One of the more incredible visuals is not a hang-ten on a drop-jaw swell, but  a 26-mile wave along the Severn Estuary caused by a tidal surge that “bore riders” catch and ride for its duration.  Another good segment is an interview with Chris Hines, the sustainability director of the Eden Project, a huge charity dedicated to education and, among other things, the environment. Hines explains the inception of the Eco Surfboard, which bills itself as the world’s most sustainable.  Unlike traditional Hawaiian boards made of koa and wili wili trees, Eco’s are 40% plant-based blank, laminated in hemp cloth and a bio-resin.

As the show points out, most surfers are already going “green,” setting up a number of organizations to help protect the shores they love so much. Surfers Path, which co-produces On the Push, is responsible for the first “eco-friendly” surf magazine, printed on 100% recycled paper, printed with soy ink.

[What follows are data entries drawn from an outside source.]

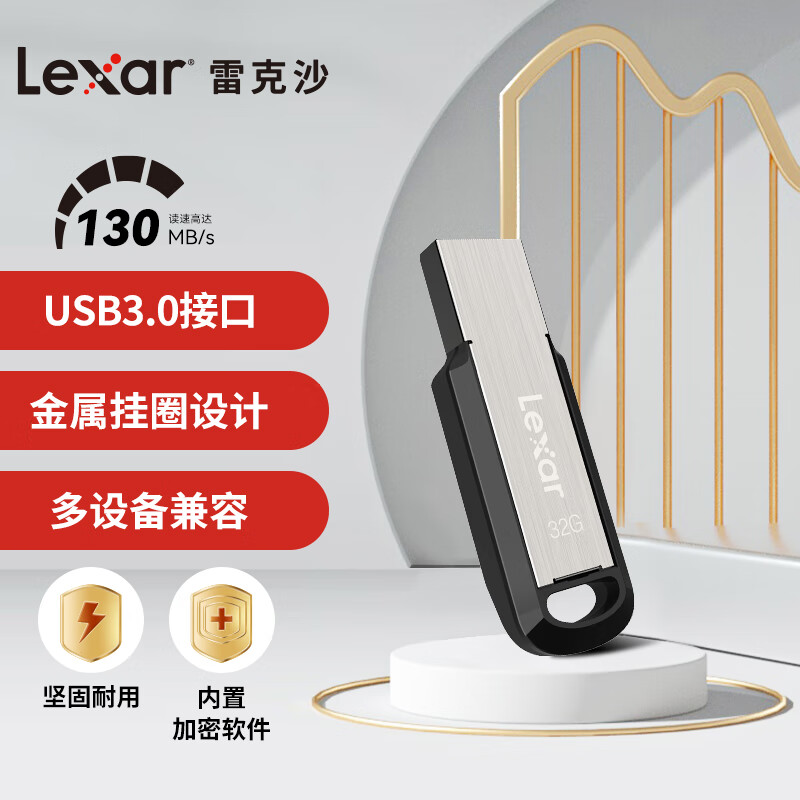 雷克沙U盘 32GB USB3.0 M400 读速130MB/s 环孔金属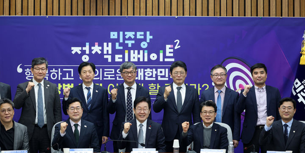 이재명 더불어민주당 대표가 19일 이사의 충실의무를 주주로 확대하는 내용을 골자로 하는 상법 개정안 마련을 위한 정책 토론회를 열고 재계 및 개미 투자자들과 의견을 교류했다.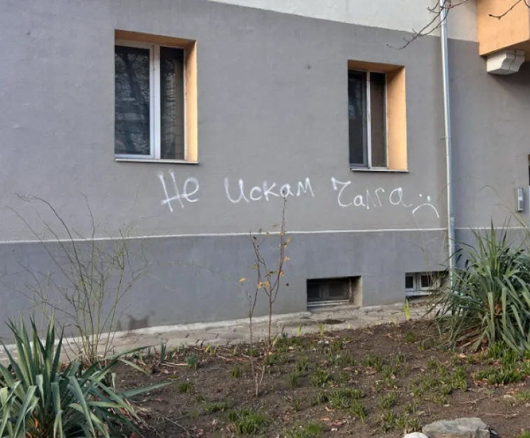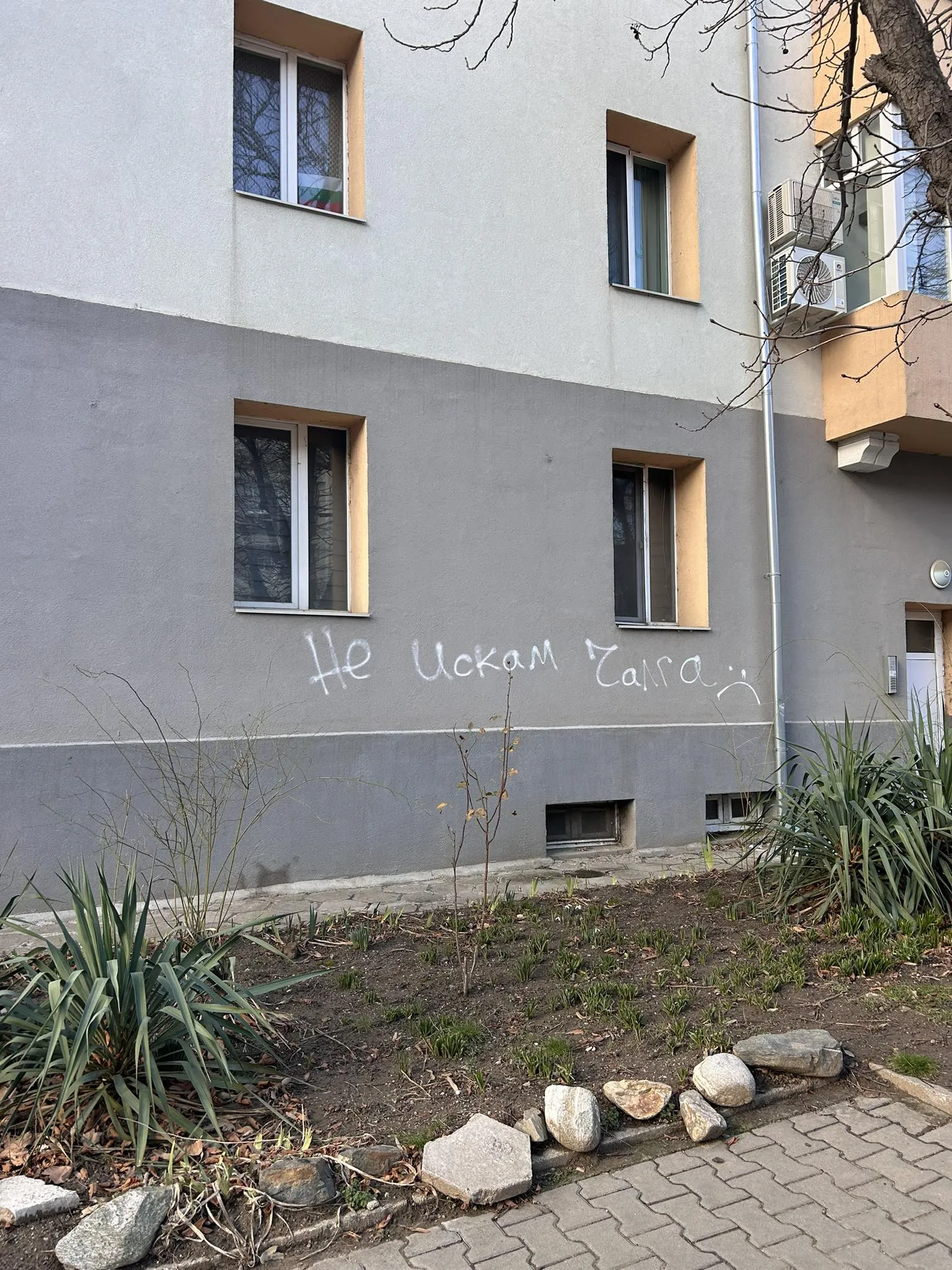 Драсканица върху фасада на жилищен блок в Благоевград предизвика коментари в социалните мрежи, след като жителка на града публикува снимка и изрази възмущението си от начина, по който е „защитено“ лично мнение.

Another org, Surfers Against Sewage (I say, aren’t we all—surfers and non-surfers alike—against sewage?), is a British campaign that rallies for clean water, threatened by excessive rain and overflowing sewage.  (They have a cool quiz that is featured on the show called “How Green a Surf Warrior Are You?” which explains the dangers of climate change to surfers and rates your eco-intelligence.)

The fact that On the Push is a British vidcast, directed mainly at local surfers makes it a little less relevant to people outside of its geographic area. Add to that the problem of navigating through the content, and the show has a couple of strikes against it. But the message is universal and and certainly an important piece of “ecotainment.”

Perhaps someone should steal the concept for On the Push, and shoot in California and Hawaii. Lord knows it wouldn’t be the first time we snagged a programming idea from across the pond.